SOURCE RECORDS START
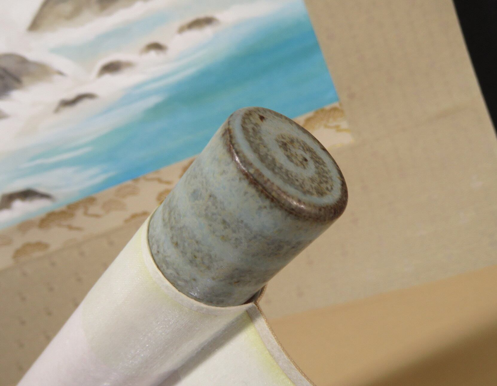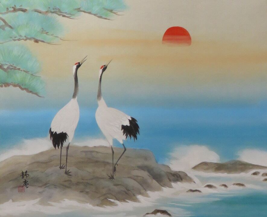 掛軸 塚下静庵 海辺双鶴 尺八横 現代作家新作掛軸 JY1333
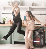 This 12" Woofer Karaoke Bluetooth speaker comes with a mic. It is perfect for indoor & outdoor use. Microphone included to let you have fun singing karaoke with your family or friends. This model also has built in FM Radio to tune in your favorite radio station. LED dancing lights around the woofer with different light modes. Equipped with TWS function so you pair two of these speakers.
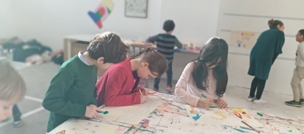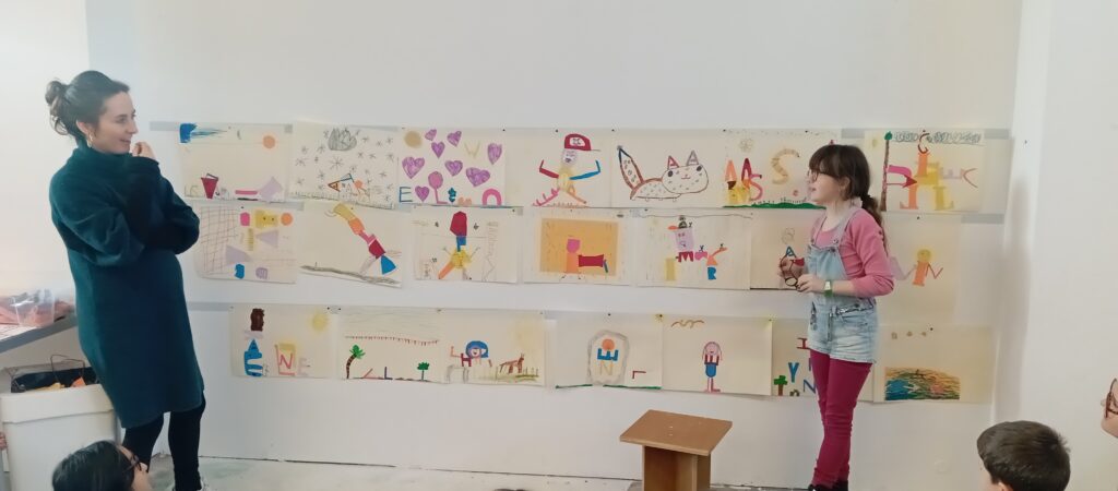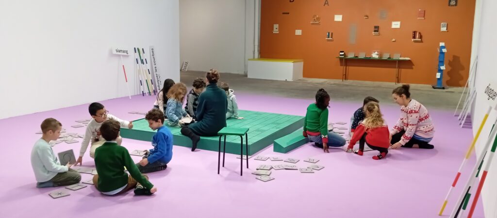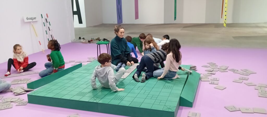 Tout comme leurs camarades de CM, de CP et de moyenne section, les élèves de CE1 ont découvert  l’exposition de Sophie Cure “Alpha, Bravo, Charlie” qui est un ensemble d’ateliers-jeux pour mettre en valeur l’importance du langage.
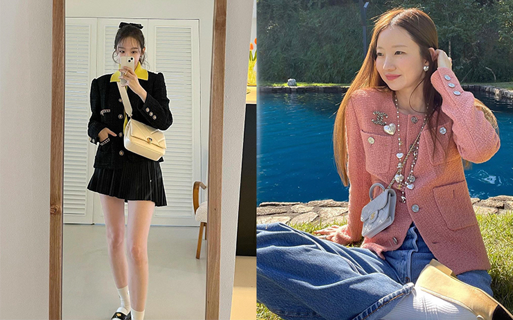사파리 재킷에 플리츠 미니 스커트를 스타일링하고 샤넬 레인부츠를 매치한 오눅. 귀여우면서 활동적인 룩이에요. 일교차가 심한 장마철에 좋을 코디!
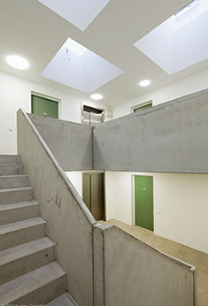 Die identitätsstiftende Zonierung der Zwischenräume setzt sich im Inneren des Hauses fort: die kompakte Bauweise als Vierspänner ergibt ein großzügiges Treppenhaus mit Oberlicht, welches mehr als nur Verkehrsfläche ist und zur kalten Jahreszeit die Spielflächen der Kinder erweitern kann.
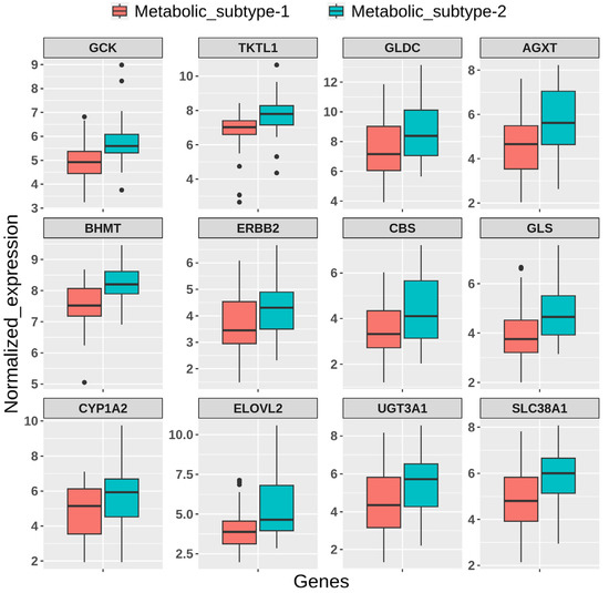 Boxplot showing the expression pattern of candidate genes between metabolic subtypes identified in the GEO validation dataset.
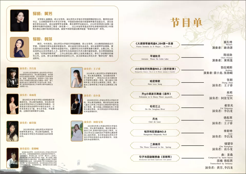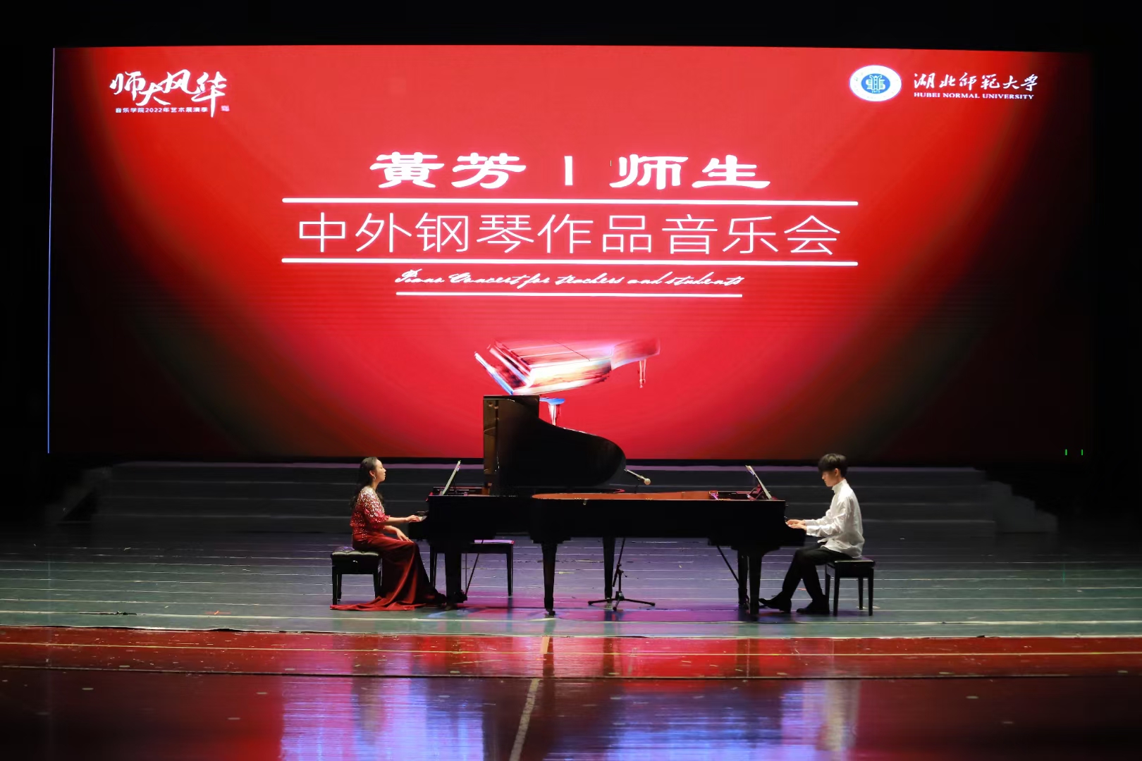 为喜迎二十大,营造浓厚的校园艺术文化氛围,2022年6月6日晚7时,由音乐学院分工会主办,钢琴教研室承办的“师大风华——黄芳师生中外钢琴作品音乐会”在水上莲花大剧院隆重举行,音乐会由钢琴教研室主任、教师党支部书记黄芳副教授携学生共同完成。
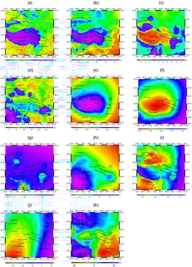 (a) Topography of the TP; (b) Moho depth of the TP; (c) sedimentary depth of the TP; (d) lithospheric depth of the TP; (e) effect of topographic masses; (f) effect of variations in the Moho interface; (g) effect of variations in the sedimentary interface; (h) effect of variations in the lithospheric interface; (i) geoid anomaly from EGM2008 to degree 180; (j) geoid anomalies from EGM2008 of degree 2–6; and (k) residual geoid anomaly after the above-motioned contributions are reduced.
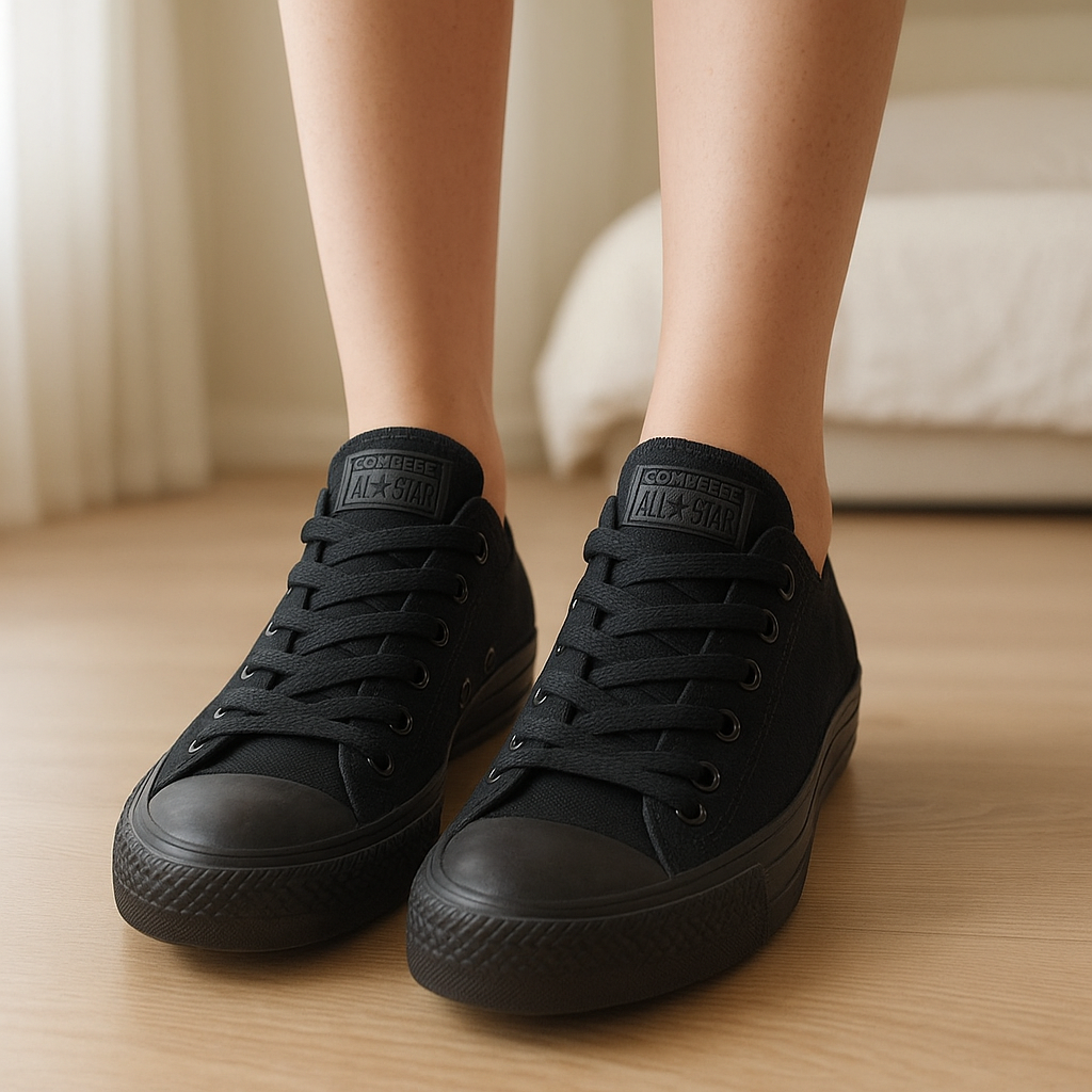 Une personne en Converse Chuck Taylor All Star basses noires – Taille 41 debout, face à la caméra, dans une chambre à la lumière douce, avec une lumière naturelle filtrant par la fenêtre.
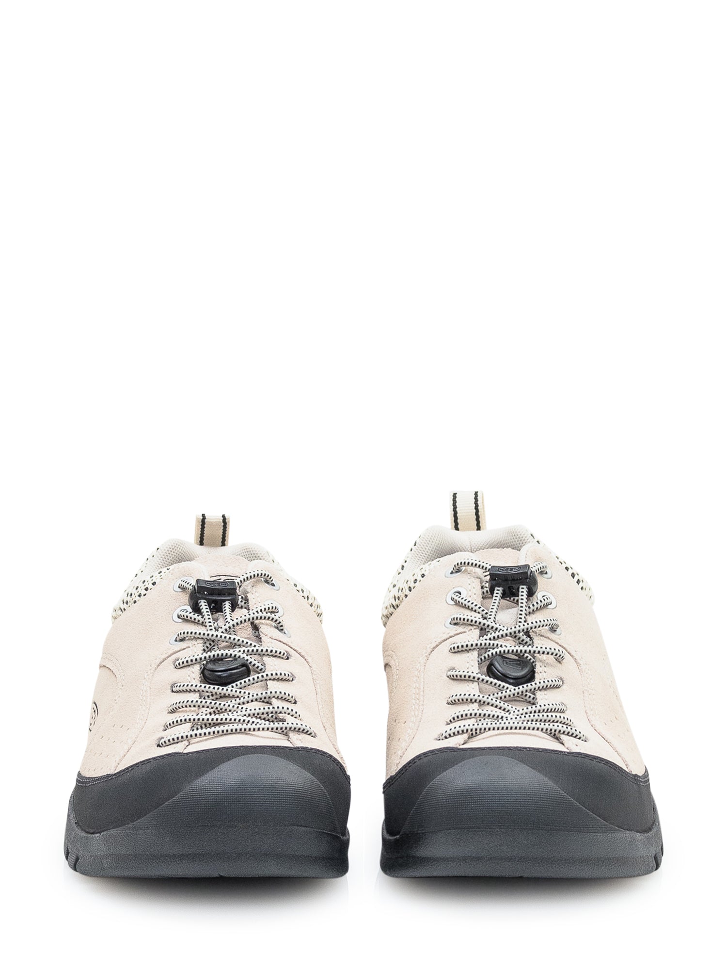 Sneaker Keen Jasper Rocks in camoscio beige con rinforzi neri e inserti traforati. Suola robusta e chiusura pratica per comfort e stabilità.
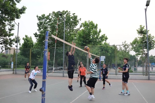 本次比赛采取五局三胜制,双方按照要求,各组成六人一组的队伍。比赛过程中,队员们精神抖擞、身姿矫健,传球组织多变,防守严密得当,引得场外观众喝彩。赛场上严肃认真,又欢乐四溢,氛围轻松愉快,展示了教职工们健康向上的精神风貌。
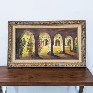 Framed Curved Arch Courtyard Painting Signed By Artist King
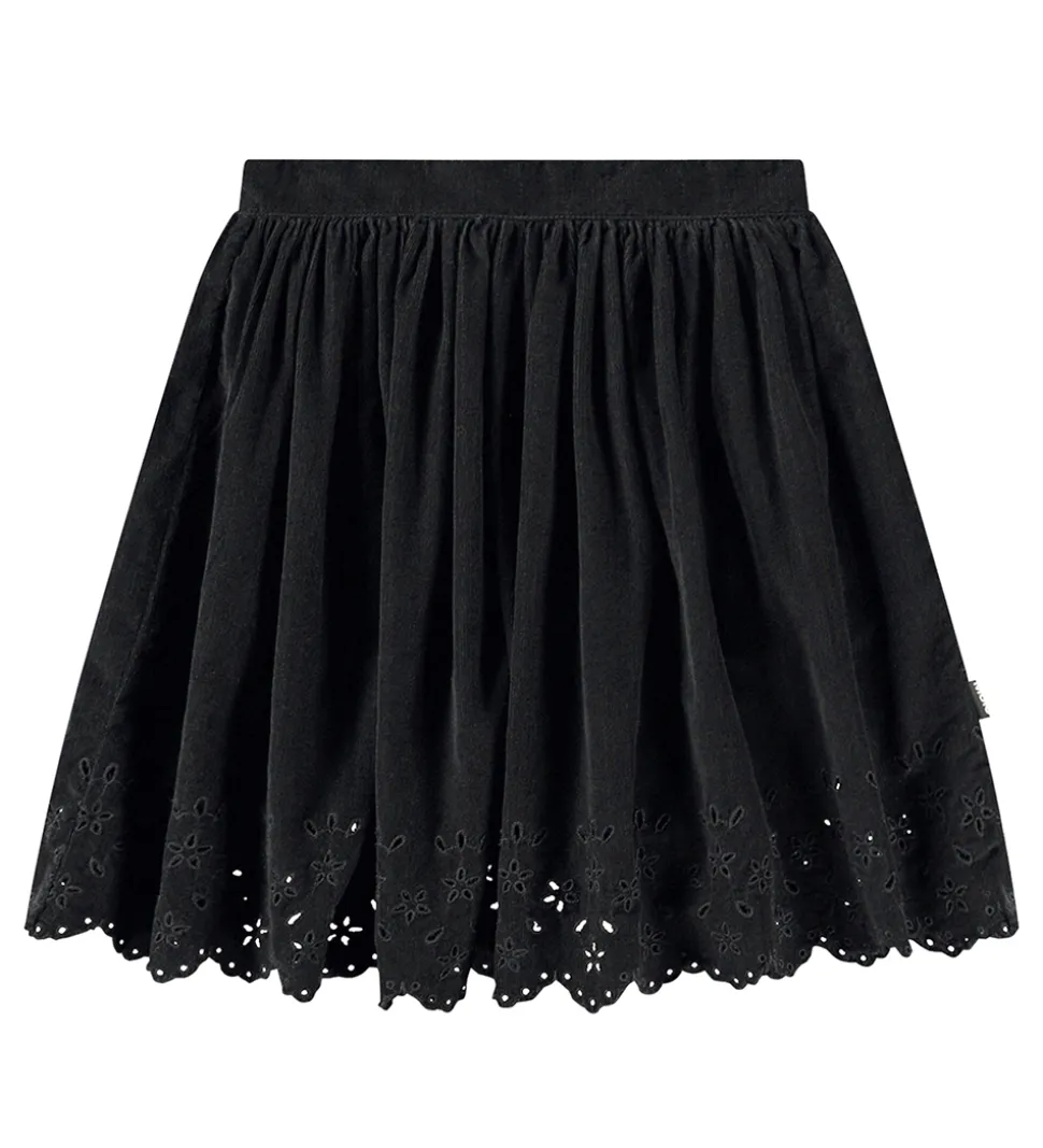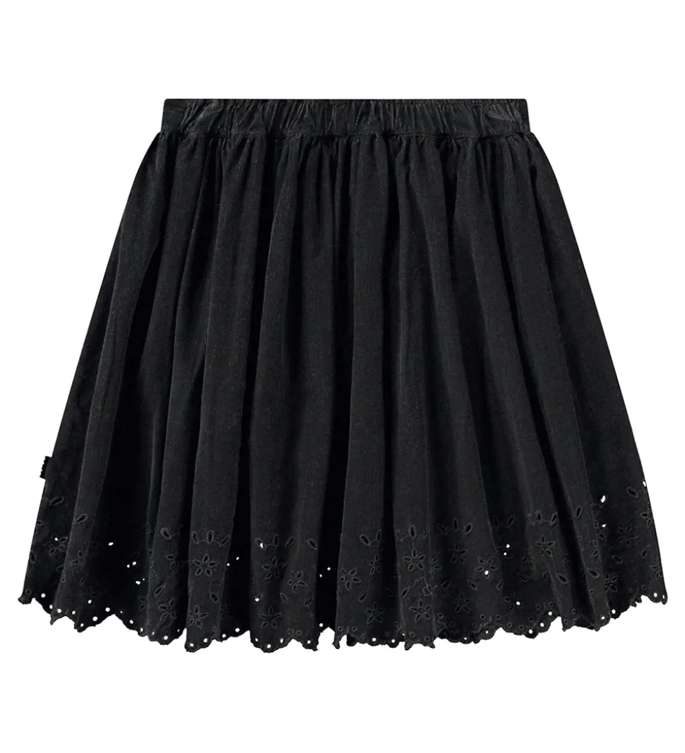 Sød Molo nederdel i sort fløjl med et flot hulmønster for neden.
SOURCE RECORDS END
> **EXERCISE AIM**: Print each record exactly as it stands, leaving the images out.

> **ANSWER TO THIS TASK**:
 掛軸 塚下静庵 海辺双鶴 尺八横 現代作家新作掛軸 JY1333
 This 12" Woofer Karaoke Bluetooth speaker comes with a mic. It is perfect for indoor & outdoor use. Microphone included to let you have fun singing karaoke with your family or friends. This model also has built in FM Radio to tune in your favorite radio station. LED dancing lights around the woofer with different light modes. Equipped with TWS function so you pair two of these speakers.
 Tout comme leurs camarades de CM, de CP et de moyenne section, les élèves de CE1 ont découvert  l’exposition de Sophie Cure “Alpha, Bravo, Charlie” qui est un ensemble d’ateliers-jeux pour mettre en valeur l’importance du langage.
사파리 재킷에 플리츠 미니 스커트를 스타일링하고 샤넬 레인부츠를 매치한 오눅. 귀여우면서 활동적인 룩이에요. 일교차가 심한 장마철에 좋을 코디!
 Die identitätsstiftende Zonierung der Zwischenräume setzt sich im Inneren des Hauses fort: die kompakte Bauweise als Vierspänner ergibt ein großzügiges Treppenhaus mit Oberlicht, welches mehr als nur Verkehrsfläche ist und zur kalten Jahreszeit die Spielflächen der Kinder erweitern kann.
 Boxplot showing the expression pattern of candidate genes between metabolic subtypes identified in the GEO validation dataset.
 为喜迎二十大,营造浓厚的校园艺术文化氛围,2022年6月6日晚7时,由音乐学院分工会主办,钢琴教研室承办的“师大风华——黄芳师生中外钢琴作品音乐会”在水上莲花大剧院隆重举行,音乐会由钢琴教研室主任、教师党支部书记黄芳副教授携学生共同完成。
 (a) Topography of the TP; (b) Moho depth of the TP; (c) sedimentary depth of the TP; (d) lithospheric depth of the TP; (e) effect of topographic masses; (f) effect of variations in the Moho interface; (g) effect of variations in the sedimentary interface; (h) effect of variations in the lithospheric interface; (i) geoid anomaly from EGM2008 to degree 180; (j) geoid anomalies from EGM2008 of degree 2–6; and (k) residual geoid anomaly after the above-motioned contributions are reduced.
 Une personne en Converse Chuck Taylor All Star basses noires – Taille 41 debout, face à la caméra, dans une chambre à la lumière douce, avec une lumière naturelle filtrant par la fenêtre.
 Sneaker Keen Jasper Rocks in camoscio beige con rinforzi neri e inserti traforati. Suola robusta e chiusura pratica per comfort e stabilità.
 本次比赛采取五局三胜制,双方按照要求,各组成六人一组的队伍。比赛过程中,队员们精神抖擞、身姿矫健,传球组织多变,防守严密得当,引得场外观众喝彩。赛场上严肃认真,又欢乐四溢,氛围轻松愉快,展示了教职工们健康向上的精神风貌。
 Framed Curved Arch Courtyard Painting Signed By Artist King
 Sød Molo nederdel i sort fløjl med et flot hulmønster for neden.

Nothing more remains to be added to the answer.